[miningmx.com] — GOLD Fields Mineral Services (GFMS) reckons the “gross surplus’ in the platinum market will remain at historically high levels in 2010.
That’s despite an estimated 5% rise in global demand as platinum consumption by autocatalyst and industrial users benefits from the improved economic outlook.
The GFMS view on platinum seems far more bearish than that given by Impala Platinum (Implats) marketing executive Derek Engelbrecht in February.
According to GFMS the platinum market jumped 47% to a “gross surplus’ of 849,000oz in 2009 because demand fell by 14% – or one million ounces (m oz) – to 6.41m oz which was the lowest level since 1999.
But GFMS then state that, “the size of the gross surplus in 2009 was contained by a near 800,000oz – or 10% – drop in global platinum supply. “
Some 60% of that fall was due to far lower supply of old jewellery scrap while mine production dropped 2% .

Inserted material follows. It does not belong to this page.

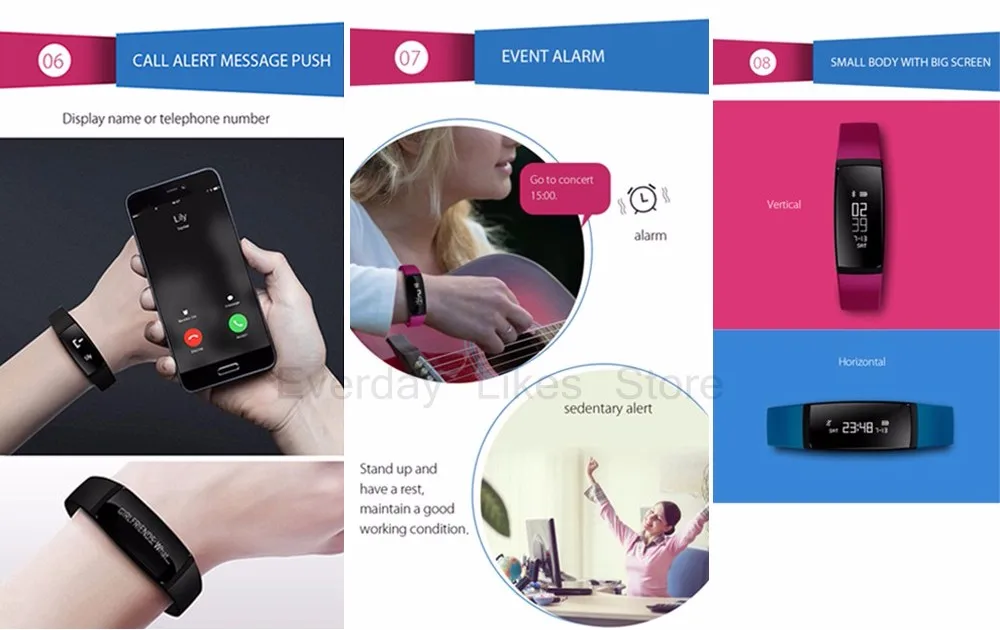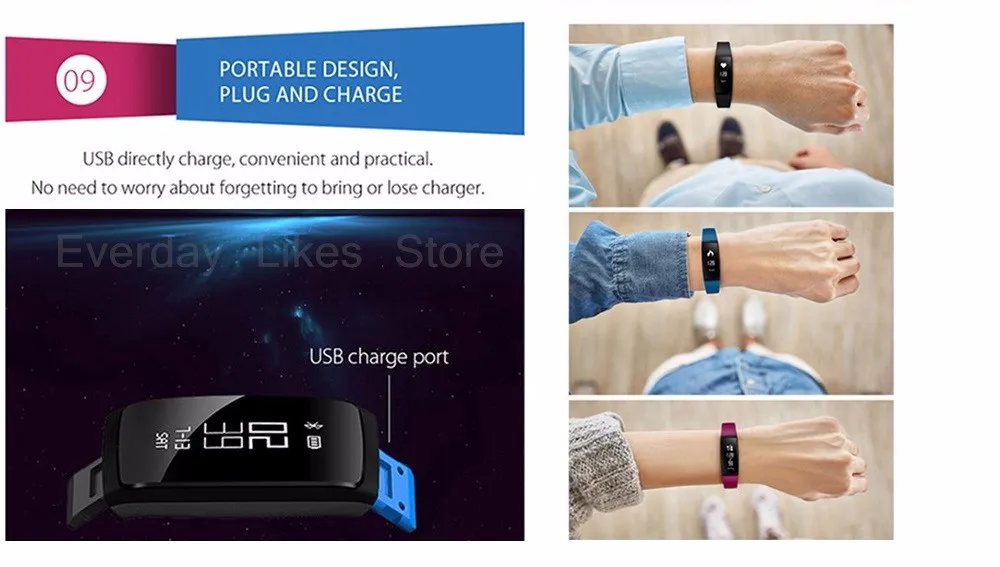 Function:Message Reminder,Passometer,Alarm Clock,Fitness Tracker,Call Reminder,Sleep Tracker,Heart Rate Tracker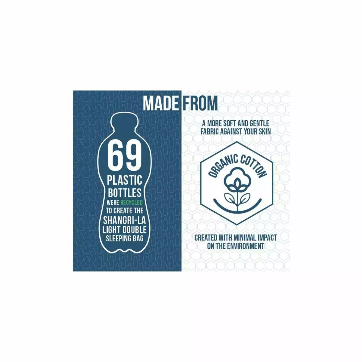 Die Vango Shangri-La Kollektion wurde um diese wunderschöne neue Reihe von Luxusschlafsäcken erweitert, die unsere preisgekrönten Shangri-La Matten für die ultimative Nachtruhe ergänzen. Als Teil unserer Earth Collection wurde der Schlafsack aus Bio-Baumwolle und 100% recyceltem Polyester hergestellt, was ihn zu einer nachhaltigeren Wahl macht. Dieser quadratisch geformte Einzelschlafsack mit integrierter Kopfstütze bietet den zusätzlichen Platz und Komfort, den Sie für den perfekten Schlaf benötigen. Die Bio-Baumwolle ist hypoallergen und fühlt sich weich auf der Haut an, ähnlich wie Ihr Bettzeug zu Hause, und da es sich um Baumwolle handelt, bleibt es in heißen Sommernächten kühl und bequem. Der Schlafsack ist bei 30 Grad in der Maschine waschbar und wird in einem Kompressionsbeutel geliefert, der ein kleines Packmaß und eine einfache Lagerung ermöglicht. Schlafen Sie wie ein König auf Ihren Camping- oder Wohnmobilreisen und verwenden Sie es im Alltag, wenn Sie Familie oder Freunde zu Besuch haben.

Engelbrecht told financial media on February 18 – when Implats released its interim results – that the platinum market showed a deficit of 245,000oz in 2009 and was headed for an even higher deficit of around 345,000oz this year.
Engelbrecht also expected the palladium market to swing from a surplus of 305,000oz in 2009 to a deficit of 810,000oz in 2010.
According to GFMS senior consultant Peter Ryan the palladium market had a “gross deficit of just 12,000 ounces’ in 2009.
Ryan did not give a specific number for his palladium forecast for 2010 and commented that, “looking ahead to this year, GFMS are forecasting a larger gross deficit although this should fall short of the deficits posted in recent years. “
Both GFMS and Implats did agree there was a surge in investment demand for both platinum and palladium driven by the ETFs (exchange traded funds).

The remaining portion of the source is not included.